If the training language material of the second language in the parallel language materials includes a text with a mask in the second language and a character corresponding to the mask, the training target is that the language material result of the mask in the training language material of the second language accords with the character corresponding to the mask in the training language material.
If the training language material of the second language in the parallel language materials is a text without a mask in the second language, the training target is that the prediction result of each character in the training language material of the second language accords with each character in the training language material.
According to the embodiment of the present application, there are also provided an electronic device and a readable storage medium.
Fig. 6 is a block diagram of an electronic device for a method for training a semantic representation model according to the embodiment of the present application. The electronic device is intended to represent various forms of digital computers, such as laptop computers, desktop computers, workstations, personal digital assistants, servers, blade servers, mainframe computers, and other appropriate computers. The electronic device may also represent various forms of mobile apparatuses, such as personal digital processors, cellular telephones, smart phones, wearable devices, and other similar computing apparatuses. The components shown herein, their connections and relationships, and their functions, are meant to be exemplary only, and are not meant to limit implementation of the present application described and/or claimed herein.

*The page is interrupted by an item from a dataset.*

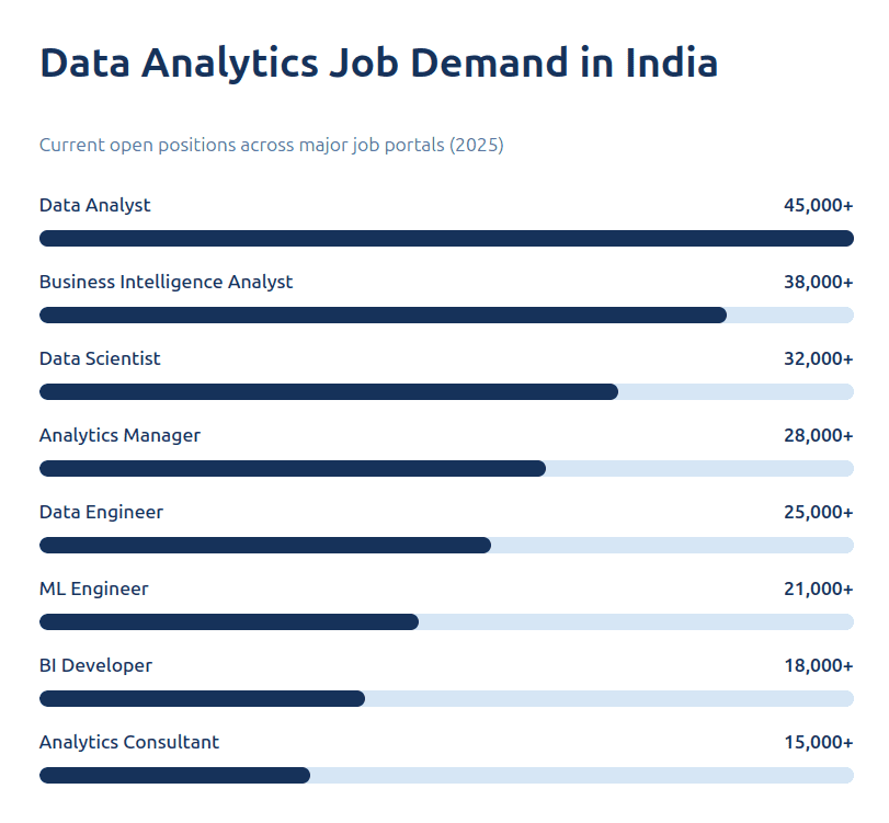 Every sector, from finance and healthcare to IT and e-commerce, relies on data analytics for growth and innovation. Global companies like Amazon, Google, Deloitte, and TCS continue to invest in data-driven decision-making and transformation.
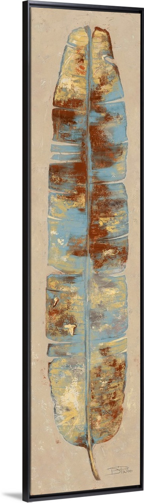 <p>Contemporary artwork of a long, broad leaf in blue and brown shades.</p>

As shown in Fig. 6, the electronic device includes one or more processors 601, a memory 602, and interfaces configured to connect the components, including high-speed interfaces and low-speed interfaces. The components are interconnected using different buses and may be mounted at a common motherboard or in other manners as desired. The processor may process instructions for execution within the electronic device, including instructions stored in or at the memory to display graphical information for a GUI at an external input/output apparatus, such as a display device coupled to the interface. In other implementations, plural processors and/or plural buses may be used with plural memories, if desired. Also, plural electronic devices may be connected, with each device providing some of necessary operations (for example, as a server array, a group of blade servers, or a multi-processor system). In Fig. 6, one processor 601 is taken as an example.

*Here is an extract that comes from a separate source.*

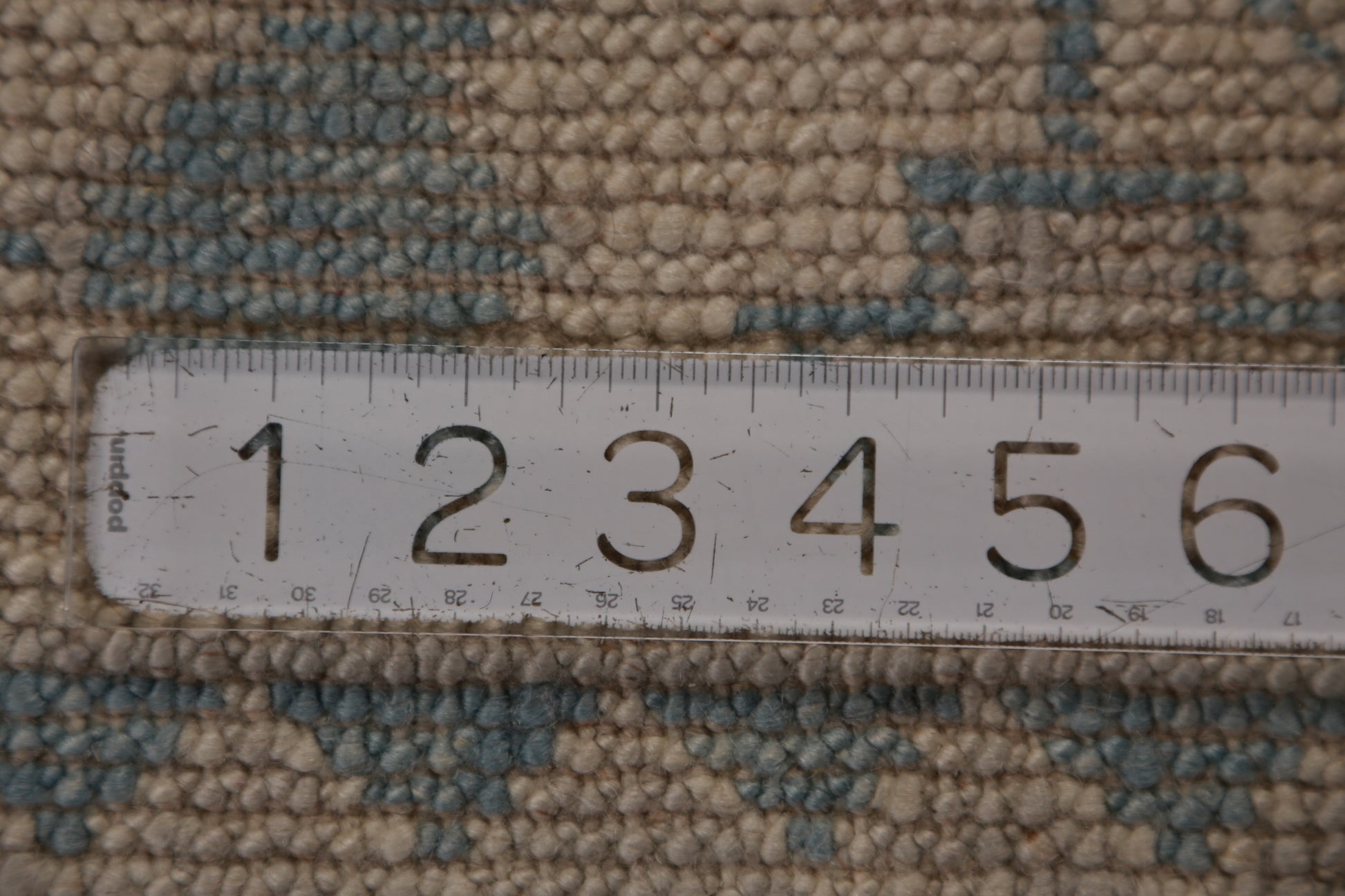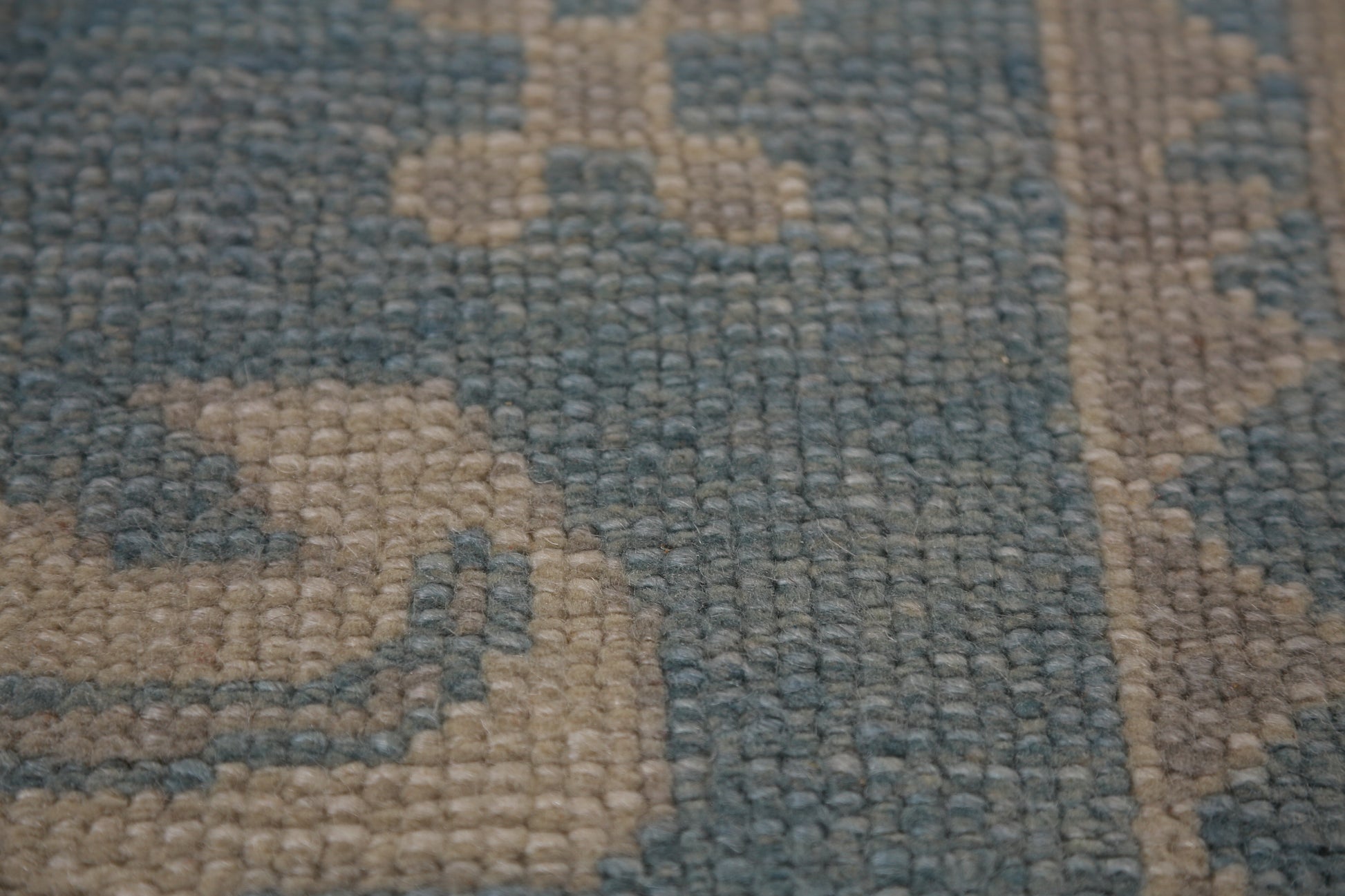 A Beautiful Genuine Turkey Oushak rug is Hand Knotted by skillful weavers in Turkey with 100% Wool Material. This rug is in New, First Quality condition. dimensions are 18' 10'' X 3' 5'' in foot and 574 X 104 in centimeter. the primary color is Navy Blue & Blues.

The memory 602 is configured as the non-transitory computer readable storage medium according to the present application. The memory stores instructions executable by the at least one processor to cause the at least one processor to perform a method for training a semantic representation model according to the present application. The non-transitory computer readable storage medium according to the present application stores computer instructions for causing a computer to perform the method for training a semantic representation model according to the present application.
The memory 602 which is a non-transitory computer readable storage medium may be configured to store non-transitory software programs, non-transitory computer executable programs and modules, such as program instructions/modules corresponding to the method for training a semantic representation model according to the embodiment of the present application. The processor 601 executes various functional applications and data processing of a server, that is, implements the method for training a semantic representation model according to the above-mentioned embodiments, by running the non-transitory software programs, instructions, and modules stored in the memory 602.

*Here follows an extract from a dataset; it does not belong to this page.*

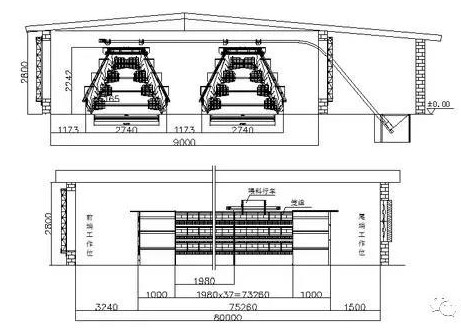 以一棟一萬雞計(jì)算,采用四層階梯式蛋雞比較劃算,則雞舍的尺寸采用80米長、9米寬、3米高。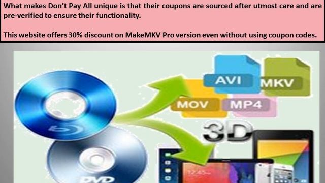 Why is there such a rush to get a makemkv discount?The answer is obvious. People want a tool that will allow them to watch a movie that is stored on DVD or Blu-ray discs.With MakeMKV they get a one-click answer to convert video into a patent free format.

The memory 602 may include a program storage area and a data storage area, wherein the program storage area may store an operating system and an application program required for at least one function; the data storage area may store data created according to use of the electronic device, or the like. Furthermore, the memory 602 may include a high-speed random access memory, or a non-transitory memory, such as at least one magnetic disk storage device, a flash memory device, or other non-transitory solid state storage devices. In some embodiments, optionally, the memory 602 may include memories remote from the processor 601, and such remote memories may be connected to the electronic device via a network. Examples of such a network include, but are not limited to, the Internet, intranets, local area networks, mobile communication networks, and combinations thereof.
The electronic device may further include an input apparatus 603 and an output apparatus 604. The processor 601, the memory 602, the input apparatus 603 and the output apparatus 604 may be connected by a bus or other means, and Fig. 6 takes the connection by a bus as an example.
The input apparatus 603 may receive input numeric or character information and generate key signal input related to user settings and function control of the electronic device, such as a touch screen, a keypad, a mouse, a track pad, a touch pad, a pointing stick, one or more mouse buttons, a trackball, a joystick, or the like. The output apparatus 604 may include a display device, an auxiliary lighting apparatus (for example, an LED) and a tactile feedback apparatus (for example, a vibrating motor), or the like. The display device may include, but is not limited to, a liquid crystal display (LCD), a light emitting diode (LED) display, and a plasma display. In some implementations, the display device may be a touch screen.
Various implementations of the systems and technologies described here may be implemented in digital electronic circuitry, integrated circuitry, application specific integrated circuits (ASIC), computer hardware, firmware, software, and/or combinations thereof. The systems and technologies may be implemented in one or more computer programs which are executable and/or interpretable on a programmable system including at least one programmable processor, and the programmable processor may be special or general, and may receive data and instructions from, and transmitting data and instructions to, a storage system, at least one input apparatus, and at least one output apparatus.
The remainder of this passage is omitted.